India’s Taj Mahal: Poetry Carved in White
It was all thanks to Lihi Verses my daughter. A medical student soon to become a doctor. She decided to spend her summer vacation in India’s Rishikesh attending a Yoga course in an ashram.
After the course conclusion we decided to meet in New Delhi, travel India and fulfill a secret dream: to visit the Taj Mahal. A monument officially recognized as one of the New Seven Wonders of the World, and a symbol of love, beauty, and timeless craftsmanship.
A connecting flight via Abu Dhabi brought me to India’s capital city, and the next morning – a Thursday – a private driver picked us up. Surrounded by a chaotic mix of cars, buses, auto-rickshaws, motorbikes, cycles, and endless bulls and cows, we headed south to the city of Agra. After almost four hours on bumpy roads, the idea of visiting the Taj Mahal became realistic. The only fear was the September monsoon rain. And with no alternative- since the Taj Mahal is closed on Fridays – anxiety was intact. Within the complex lies an active mosque, and on Fridays access is reserved exclusively for local Muslims.
The moment we reached our hotel in Agra, thunderstorms broke out and heavy showers swept across the landscape, drumming on the lobby rooftop and turning the streets into rushing streams. An hour later the rain stopped, and the sky cleared to a light cloud cover. Within 20 minutes we found ourselves at the gates of the Taj Mahal. To protect the monument from pollution, no vehicles are allowed within about 500 meters of the site, so a golf cart for a small fee was the perfect solution.
As we approached one of India’s most visited and protected monuments, entering became its own challenge. Fortunately, we had bought our tickets online in advance, avoiding the endless queues at the ticket office. Separate lines for men and women, as well as different queues for Indian and foreign visitors, awaited us. Bag checks and body scans at all entry gates were strict. My favorite mint drops candies, classified as food, along with cigarettes, a travel book, and even mobile phone chargers were all banned. We had to return and deposit them in a cloakroom. Then we joined the stream of thousands of visitors, most of them local Indians, all with mobile phones out and cameras ready. Over the next two hours, melting in unbearable humidity, I experienced what was probably the most magical time of my life.

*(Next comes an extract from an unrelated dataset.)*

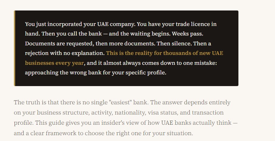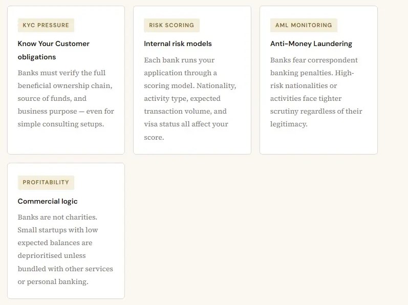 The UAE is a global financial hub, which means its banks face intense international scrutiny from regulators including the FATF, UAE Central Bank, and global correspondent banking partners. Since the UAE's 2022 FATF grey-listing (and subsequent exit in 2024), compliance teams have become significantly more rigorous. This has a direct effect on how quickly and easily new companies can bank.

When you first glimpse the Taj Mahal from the entrance archway, it doesn’t feel quite real. Even with the current dome’s restorations, the white marble seems to float above the gardens, glowing softly in the light. That first view is both humbling and breathtaking. A reminder that this is not just a monument, but a love letter carved in stone. The muslim emperor Shah Jahan built it in the 17th century in memory of his wife Mumtaz Mahal, who died giving birth to their 14th child. The symmetry of the gardens, the gentle reflections in the pools, and the delicate inlay work of semi-precious stones all speak of devotion and perfection, making every step we took feel like walking into a dream.

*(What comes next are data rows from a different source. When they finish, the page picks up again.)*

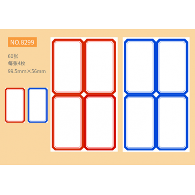首页 > 办公用品 > 文具 > 金隆兴8299标签贴纸 自粘性口取纸 4枚/张 60张/包 97*57mm 红色 5包装 SKU:yzwhyp102375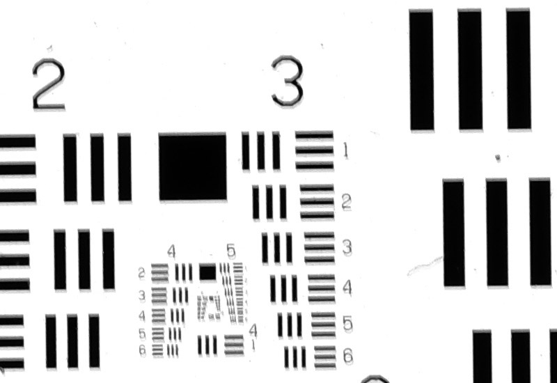 Zu sehen ist ein winziger Ausschnitt aus einem USAF-1951-Resolution-Testdia.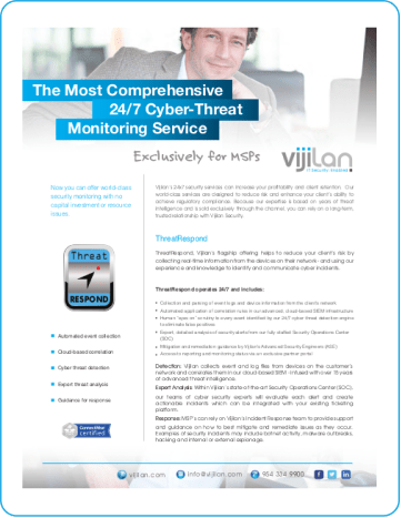 Vijilanโs 24×7 security services can increase your profitability and client retention. Our world-class services are designed to reduce risk and enhance your clientโs ability to achieve regulatory compliance. Because our expertise is based on years of threat intelligence and is sold exclusively through the channel, you can rely on a long-term, trusted relationship with Vijilan Security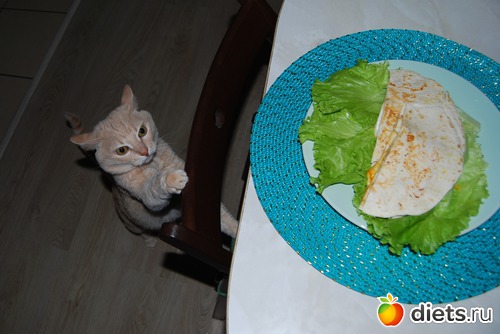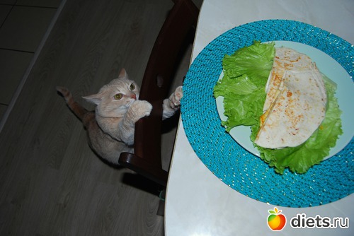 Как только я поставила тарелку с готовым блюдом на стол на стол и взяла в руки фотоаппарат, дабы запечатлеть сие лакомство, как котэ внезапно оживился и стал совершать недвусмысленные активные действия, пытаясь подцепить салфетку вместе со стоявшей на ней тарелкой (несколько кадров чего мне удалось заснять), и которые через пару секунд завершились стремительным прыжком на стол, чуть ли не в тарелку - и всё это безобразие в моем-то присутствии!

But standing there, I realized the Taj Mahal is more than history. It’s an emotion. It took over 20 years and thousands of artisans to complete, yet it remains timeless, its marble shifting shades with the sun, as if alive. Observing it, I understood why millions come not only to admire its architecture but also to feel that quiet, universal truth I heard so much about: that love, when expressed fully, can outlast empires and time itself.
We didn’t miss the mausoleum inside. Here, the atmosphere shifts dramatically from the bright, sunlit exterior to a hushed, dimly lit sanctuary. The false tombs of Mumtaz Mahal and Shah Jahan lie beneath delicate marble dividers, while their actual graves rest in a plain, unadorned chamber directly below.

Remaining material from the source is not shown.